He examined it gravely, his brows contracting, a sudden wrinkling at the corners of his lips that might have meant laughter, or disapproval, or anything.

"I thought a parsonage girl should not read it," Carol said bravely. "I've never read it myself, but I've heard about it, and parsonage girls ought to read parsonage things. Prudence says so. But—"

"But I want to know what other folks think about what I believe," said Connie. "So I'm reading it."

"What do you think of, it?" he asked quietly, and he looked very strangely at his baby daughter. It was suddenly borne in on him that this was one crisis in her growth to womanhood, and he felt a great yearning tenderness for her, in her innocence, in her dauntless courage, in her reaching ahead, always ahead! It was a crisis, and he must be very careful.

"I think it is beautiful," Connie said softly, and her lips drooped a little, and a wistful pathos crept into her voice. "It seems so sad. I keep wishing I could cry about it. There's nothing really sad in it, I think it is supposed to be rather jovial, but—it seems terrible to me, even when it is the most beautiful.
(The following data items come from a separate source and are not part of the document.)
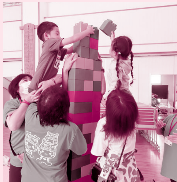
親子ふれあい広場(ちょうかい子育て応援団)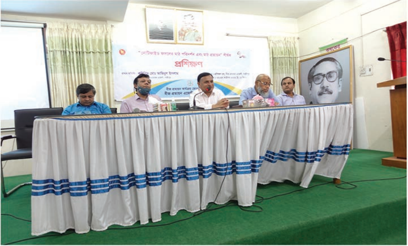
নোটিফাইড ফসলের মাঠ পরিদর্শন ও মাঠ প্রত্যয়ন শীর্ষক প্রশিক্ষণে আলোচকগণ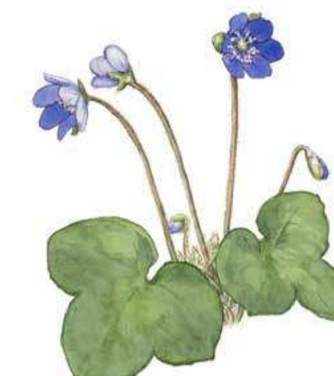
blåsippa Hepatica nobilis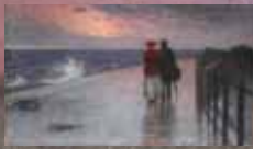
Auf Hochzeitsreise (Auf dem Kai), (1922-1924)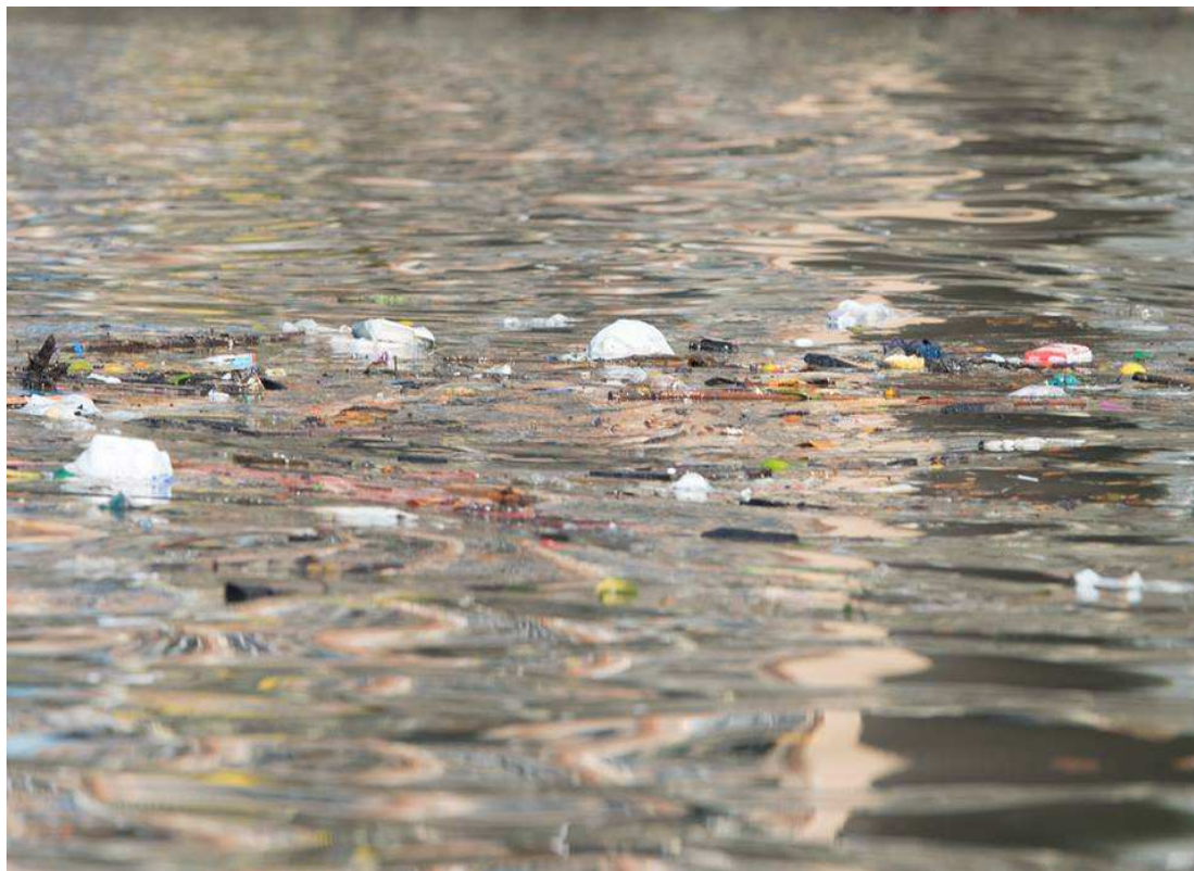
FIGURA 1 – Região costeira da Praia de Santos - SP em abril de 2016 com resíduos sólidos na superfície da água.

problema nas questões: ambiental, econômica, de saúde e estético ao redor do mundo. Itens de lixo marinho viajam livremente pelos oceanos (Figura 1).

Part of it I don't understand very well."

He held out a hand to Connie, and she put her own in it confidently. Carol, too, came and stood close beside him.

"Yes," he said, "it is beautiful, Connie, and it is very terrible. We can't understand it fully because we can't feel what he felt. It is a groping poem, a struggling for light when one is stumbling in darkness." He looked thoughtfully at the girls. "He was a marvelous man, that Khayyam,—years ahead of his people, and his time. He was big enough to see the idiocy of the heathen ideas of God, he was beyond them, he spurned them. But he was not quite big enough to reach out, alone, and get hold of our kind of a God. He was reaching out, he was struggling, but he couldn't quite catch hold. It is a wonderful poem. It shows the weakness, the helplessness of a gifted man who has nothing to cling to. I think it will do you good to read it, Connie. Read it again and again, and thank God, my child, that though you are only a girl, you have the very thing this man, this genius, was craving. We admire his talent, but we pity his weakness. You will feel sorry for him. You read it, too, Carol. You'll like it. We can't understand it, as I say, because we are so sure of our God, that we can't feel what he felt, having nothing. But we can feel the heart-break, the fear, the shrinking back from the Providence that he called Fate,—of course it makes you want to cry, Connie. It is the saddest poem in the world."

Connie's eyes were very bright. She winked hard a few times, choking back the rush of tears. Then with an impulsiveness she did not often show, she lifted her father's hand and kissed it passionately.

"Oh, father," she whispered, "I was so afraid—you wouldn't quite see." She kissed his hand again.

Carol looked at her sister respectfully. "Connie," she said, "I certainly beg your pardon. I just wanted to be clever, and didn't know what I was talking about. When you have finished it, give it to me, will you? I want to read it, too; I think it must be wonderful."